* [What you should do]:
Line for line, return the data exactly, omitting all pictures.

* [Recorded information]:
----------

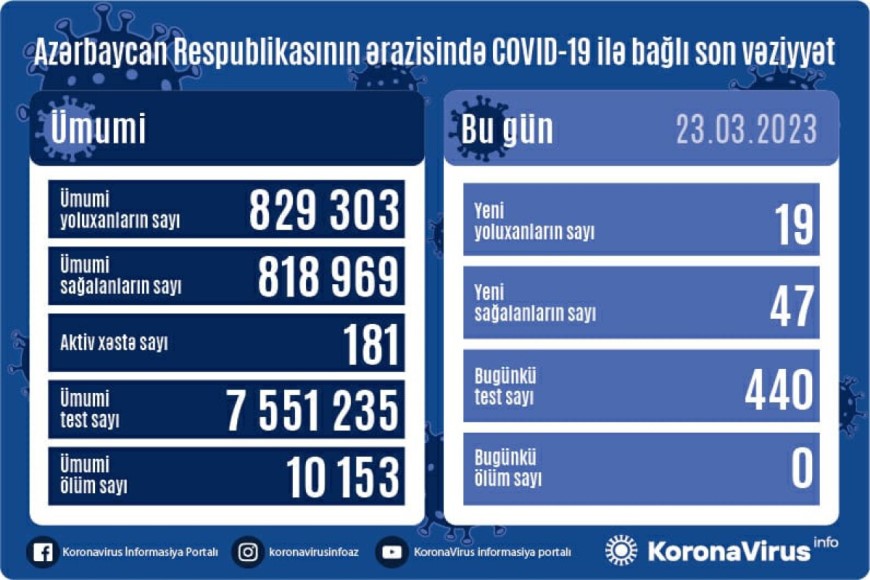 Azərbaycanda koronavirus (COVID-19) infeksiyasına 19 yeni yoluxma faktı qeydə alınıb, 47 nəfər müalicə olunaraq sağalıb.
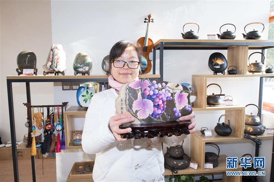 “農民畫家”陳蘇蘭在開設的工作室內展示創(chuàng)作的石頭畫《下姜葡萄》(1月10日攝)。
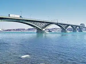 The Peace Bridge is one of the busiest on the Canada–United States border, with over one million trucks crossing it each year and delays of up to almost four hours.[5] Other nearby bridges between the United States and Canada include the Rainbow Bridge, the Queenston-Lewiston Bridge and the Whirlpool Rapids Bridge. The Queenston-Lewiston Bridge and the Peace Bridge are the only Niagara River crossings that allow heavy trucks.

----------

* [Result of the task]:
 Azərbaycanda koronavirus (COVID-19) infeksiyasına 19 yeni yoluxma faktı qeydə alınıb, 47 nəfər müalicə olunaraq sağalıb.
 “農民畫家”陳蘇蘭在開設的工作室內展示創(chuàng)作的石頭畫《下姜葡萄》(1月10日攝)。
 The Peace Bridge is one of the busiest on the Canada–United States border, with over one million trucks crossing it each year and delays of up to almost four hours.[5] Other nearby bridges between the United States and Canada include the Rainbow Bridge, the Queenston-Lewiston Bridge and the Whirlpool Rapids Bridge. The Queenston-Lewiston Bridge and the Peace Bridge are the only Niagara River crossings that allow heavy trucks.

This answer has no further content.